Ну, что, Макайр, усмехнулся Роумэн, трудно тебе будет отвечать на эту телеграмму, а? Ведь она придет к тебе по лестнице, ее краткое содержание будет записано в реестр поступившей информации, о ней наверняка доложат большому начальству, потому что речь идет о возможном предательстве кого-то из работников Отдела разведки.
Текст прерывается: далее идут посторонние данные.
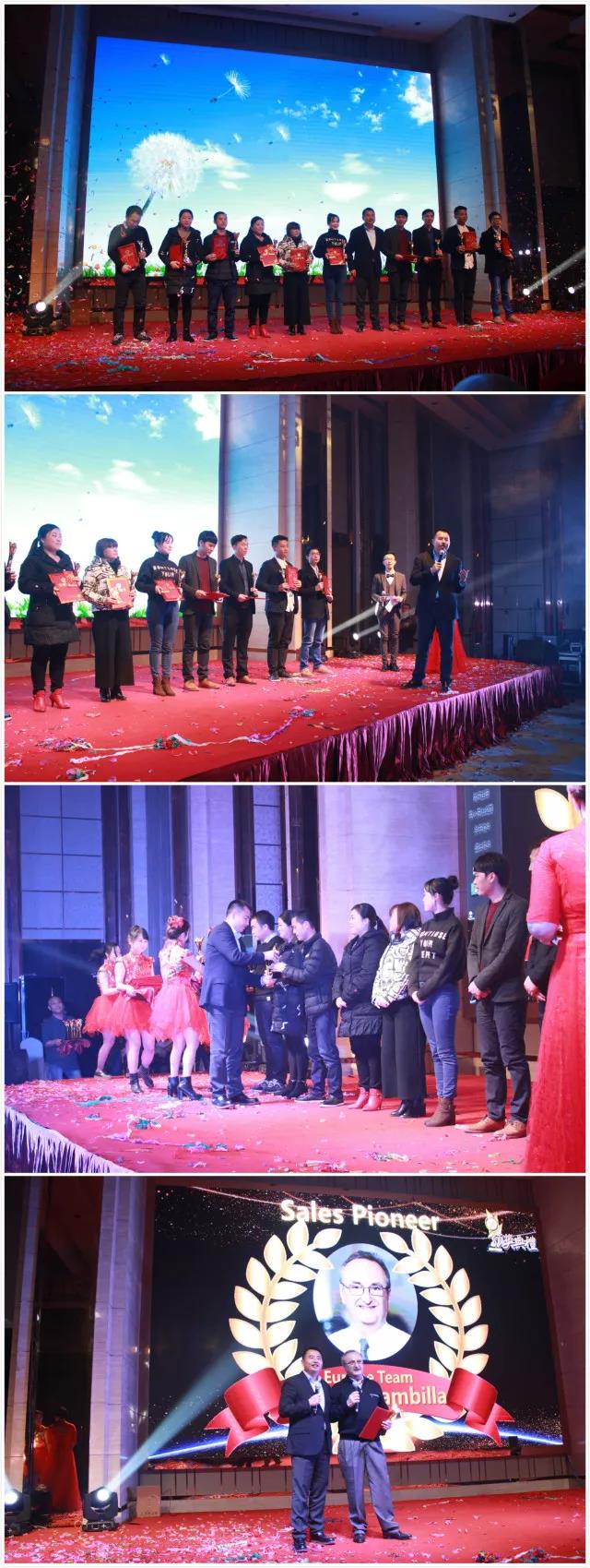 一波表演的精彩結(jié)束了,但是晚會(huì)的精彩還在繼續(xù),到了表彰過(guò)去一年在工作崗位上表現(xiàn)突出的華拓人——優(yōu)秀員工頒獎(jiǎng)典禮。范董親自上臺(tái)為每一位獲獎(jiǎng)的員工頒發(fā)證書(shū)、獎(jiǎng)杯,他們沒(méi)有豪言壯語(yǔ),他們沒(méi)有豐功偉績(jī)。但他們用行動(dòng)告訴我們什么是主人翁的精神。他們?cè)诠ぷ鲘徫簧暇ぞI(yè)業(yè),銳意進(jìn)取,服從整體安排,任勞任怨。工作態(tài)度誠(chéng)懇,有上進(jìn)心,能堅(jiān)持原則。范董說(shuō)到,他相信華拓優(yōu)秀的員工還有很多,很感謝每一位華拓人一年以來(lái)的辛勤付出和對(duì)公司的支持。最后還特別頒發(fā)了“銷(xiāo)售先鋒獎(jiǎng)”給歐洲分公司的同事Giorgio Brambilla,感謝他在剛加入華拓的第一年,就助力華拓攻下大客戶。

Может быть, ты сможешь доказать, что тебе подсовывали липу по поводу ситуации в Латинской Америке и тамошней немецкой агентуры, которую ты зачем-то отправлял мне? Кто именно гнал тебе эту липу? Подвергалась ли она проверке? Кто перепроверял? По чьему поручению? А если не проверяли, то отчего существует абсолютное доверие к источнику информации? Так назови его, назови!


«Молния» уже пришла к тебе, Макайр, занимайся ею. Эта придет позже, тогда, когда Криста расскажет мне все то, что должна рассказать, Джонсон вытопчет этих трех нацистов, а Штирлиц поможет провести очную ставку между Гаузнером, мною и Кристой. Гаузнер не может не объявиться здесь, и я понимаю, зачем они его сюда прислали… «Скрылся от ареста»… Расскажите вашей кузине… Он будет искать встречи со мной, чтобы поставить все точки над «i», однако Эронимо сделает так, что найду его я. И когда все это произойдет, я отправлю подробный отчет о том, что мною было сделано: вы можете заниматься, чем вы хотите, а я продолжаю свою борьбу с нацистами, и я стану продолжать ее, пока последний из них не сдохнет в помойной яме. Вы можете делать то, что вам представляется нужным, а я все эти месяцы делал то, без чего нельзя жить на этой земле, потому что многое можно простить, но вот только гитлеризм прощать нельзя. И я правильно поступал, что гнул свое, и действовал по своему плану, не отправляя его вам не утверждение. Я поступал правильно, потому что я выяснил здешнюю нацистскую сеть, а потом я сделаю это же и в Латинской Америке, и я знаю, как я это сделаю, я раскручу цепь этого Верен а.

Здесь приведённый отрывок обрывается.